Query status of an upload (for resume capability).

Request:

{
  "operation": "get-upload-status",
  "upload-id": "upload-abc-123"
}

Response:

{
  "upload-id": "upload-abc-123",
  "state": "in-progress",
  "chunks-received": [0, 1, 2, 5, 6],
  "missing-chunks": [3, 4, 7, 8],
  "total-chunks": 100,
  "bytes-received": 36700160,
  "total-bytes": 524288000
}

`list-uploads`

List incomplete uploads for a user.

Request:

{
  "operation": "list-uploads"
}

Response:

{
  "uploads": [
    {
      "upload-id": "upload-abc-123",
      "document-metadata": { "title": "Large Document", ... },
      "progress": { "chunks-received": 43, "total-chunks": 100 },
      "created-at": "2024-01-15T10:30:00Z"
    }
  ]
}

Upload Session Storage

Track in-progress uploads in Cassandra:

CREATE TABLE upload_session (
    upload_id text PRIMARY KEY,
    user text,
    document_id text,
    document_metadata text,      -- JSON: title, kind, tags, comments, etc.
    s3_upload_id text,           -- internal, for S3 operations
    object_id uuid,              -- target blob ID
    total_size bigint,
    chunk_size int,
    total_chunks int,
    chunks_received map<int, text>,  -- chunk_index → etag
    created_at timestamp,
    updated_at timestamp
) WITH default_time_to_live = 86400;  -- 24 hour TTL

CREATE INDEX upload_session_user ON upload_session (user);

TTL Behavior:

Sessions expire after 24 hours if not completed
When Cassandra TTL expires, the session record is deleted
Orphaned S3 parts are cleaned up by S3 lifecycle policy (configure on bucket)

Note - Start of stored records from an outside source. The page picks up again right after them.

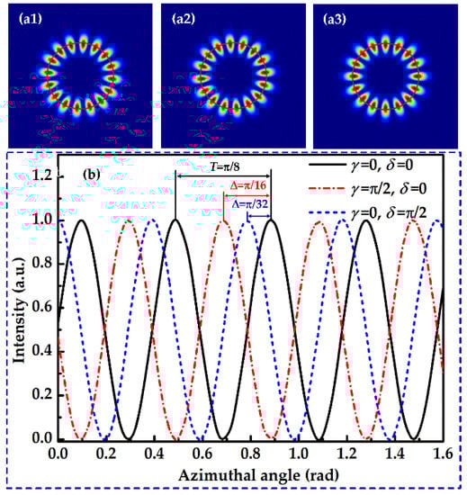 When the value of θ is set as θ = 0, the polarization of the vector beam is located on the equator of the HOPS according to Equation (5) and the cylindrical vector beam is generated. The simulated intensity distribution that the cylindrical vector beam with l = 8 passes through a linear polarizer (P2) are shown in Figure 3. When there is no phase retardation, the simulated results for the polarizer placed along the x-axis and y-axis are depicted in Figure 3(a1,a2), respectively. For the case that the phase retardation of SBC is π/2 and the polarizer is placed along the x-axis, the simulated result is presented in Figure 3(a3). It can be seen that the number of petals is 16, and the petal patterns rotate with the rotation of the P2 or the change of the phase retardation of the SBC. In Figure 3(a1–a3), the red cycles are obtained by fitting the centroid of each petal in the petal-like intensity patterns. The intensity distributions on the red cycles of Figure 3(a1–a3) are plotted as shown in Figure 3b, in which the results that correspond to the quarter of a period are demonstrated for manifesting the results more clearly. From Figure 3b, it can be seen that the angle between two adjacent petals in a petal pattern is π/8. When the orientation of the polarizer changes at an angle of π/2, the petals rotate at an angle of π/16. The rotation angle of the petals is π/32, when the phase retardation of the SBC is changed by π/2. The results agree well with the theoretical analysis in Equation (7).
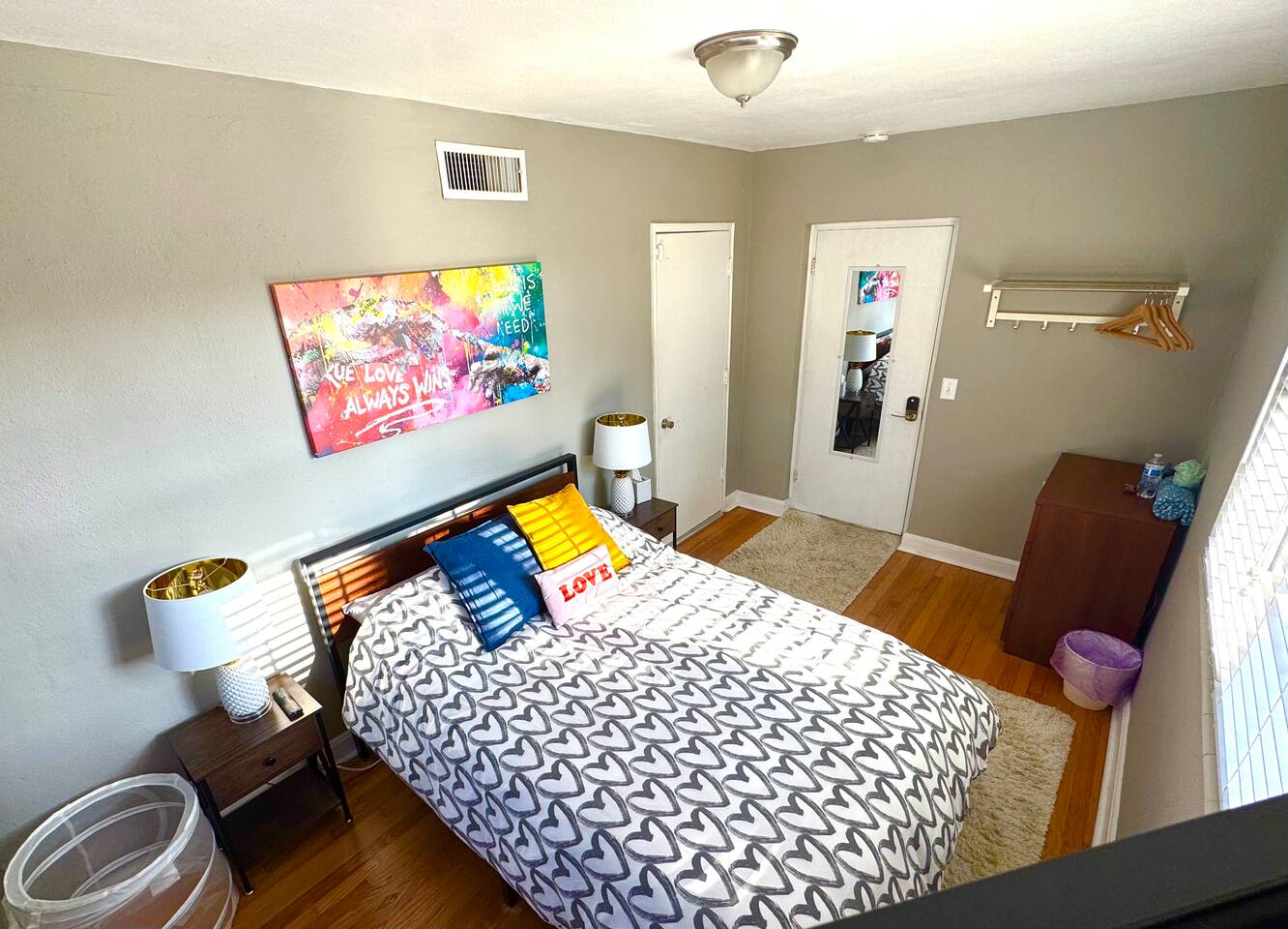 Getting into the house, use your four digit code to enter the front door (last four digits of your phone number as listed in your Airbnb account). Please wait patiently for the lock to finish its cycle, then open the door. Your room also contains a digital key pad. Please follow these instructions to enter your room. 1. Press the lower left check mark button to illuminate the keypad. 2. Enter your four digit code 3. Press the lower left check mark button again to submit your code for approval. During your stay you’ll have full access to the kitchen, bathroom, living room, computer and computer desk, printer, gas grill, deck/patio, and garage for doing laundry. The garage is not for guest vehicle storage. I provide a peaceful and welcoming space for all people. Please help me keep it that way.
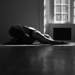 Kneeling, take your knees as wide is as comfortable for you and allow the hips to drop back towards the heels. Drop your chest over your knees and extend the arms forwards. Hold here feeling the body softening into the ground, and maybe taking a gentle sway of the hips and the head side to side. Hold for as long is as comfortable and focus on the breath and the feeling of this pose in the body.
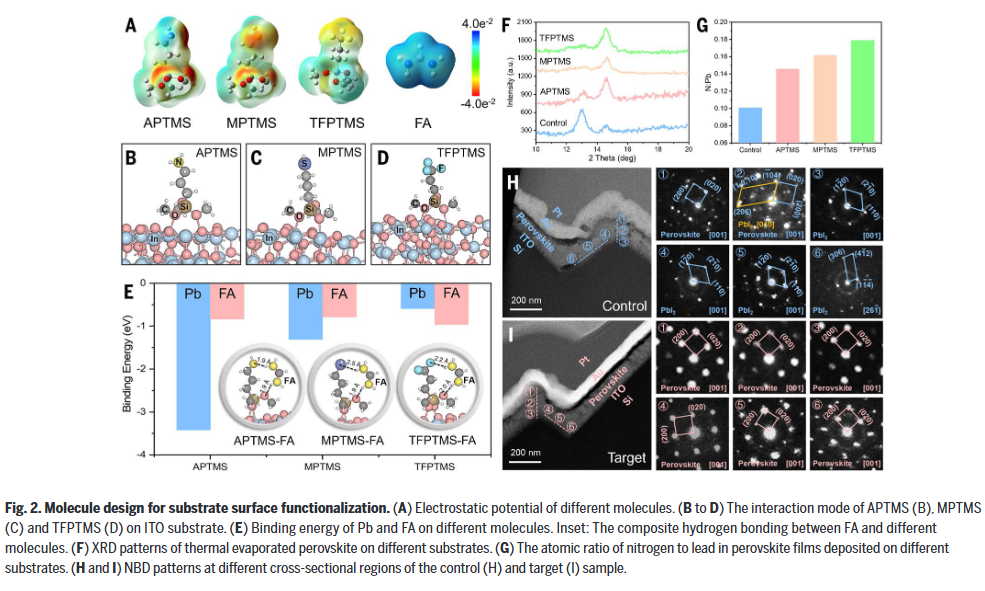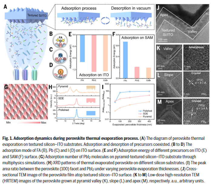 1. 提出“吸附均衡”策略解决工业化纹理硅兼容难题:针对气相沉积中FA⁺吸附弱、导致薄膜非化学计量比与相杂质的问题,设计了具有三甲氧基硅烷锚定基团与富电子氟原子的双功能分子TFPTMS,显著增强有机组分在微米级金字塔表面的吸附能力,实现高质量钙钛矿薄膜的均匀生长。
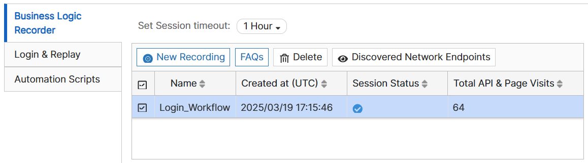 The Session Status shows if the session is valid. If expired, you are prompted to log in again when you perform scan. You can modify the session timeout at any time, and the latest timeout value updates all recordings based on the cookies or session details of the most recent recording. |

Failure Handling and Atomicity

Chunk upload failure:

Client retries the failed chunk (same upload_id and chunk-index)
S3 UploadPart is idempotent for the same part number
Session tracks which chunks succeeded

Client disconnect mid-upload:

Session remains in Cassandra with received chunks recorded
Client can call get-upload-status to see what's missing
Resume by uploading only missing chunks, then complete-upload

Complete-upload failure:

S3 CompleteMultipartUpload is atomic - either succeeds fully or fails
On failure, parts remain and client can retry complete-upload
No partial document is ever visible

Session expiry:

Cassandra TTL deletes session record after 24 hours
S3 bucket lifecycle policy cleans up incomplete multipart uploads
No manual cleanup required

S3 Multipart Atomicity

S3 multipart uploads provide built-in atomicity:

Parts are invisible: Uploaded parts cannot be accessed as objects. They exist only as parts of an incomplete multipart upload.
Atomic completion: CompleteMultipartUpload either succeeds (object appears atomically) or fails (no object created). No partial state.
No rename needed: The final object key is specified at CreateMultipartUpload time. Parts are coalesced directly to that key.
Server-side coalesce: S3 combines parts internally. The librarian never reads parts back - zero memory overhead regardless of document size.

BlobStore Extensions

File: trustgraph-flow/trustgraph/librarian/blob_store.py

Add multipart upload methods:

class BlobStore:
    # Existing methods...

    def create_multipart_upload(self, object_id: UUID, kind: str) -> str:
        """Initialize multipart upload, return s3_upload_id."""
        # minio client: create_multipart_upload()

    def upload_part(
        self, object_id: UUID, s3_upload_id: str,
        part_number: int, data: bytes
    ) -> str:
        """Upload a single part, return etag."""
        # minio client: upload_part()
        # Note: S3 part numbers are 1-indexed

    def complete_multipart_upload(
        self, object_id: UUID, s3_upload_id: str,
        parts: List[Tuple[int, str]]  # [(part_number, etag), ...]
    ) -> None:
        """Finalize multipart upload."""
        # minio client: complete_multipart_upload()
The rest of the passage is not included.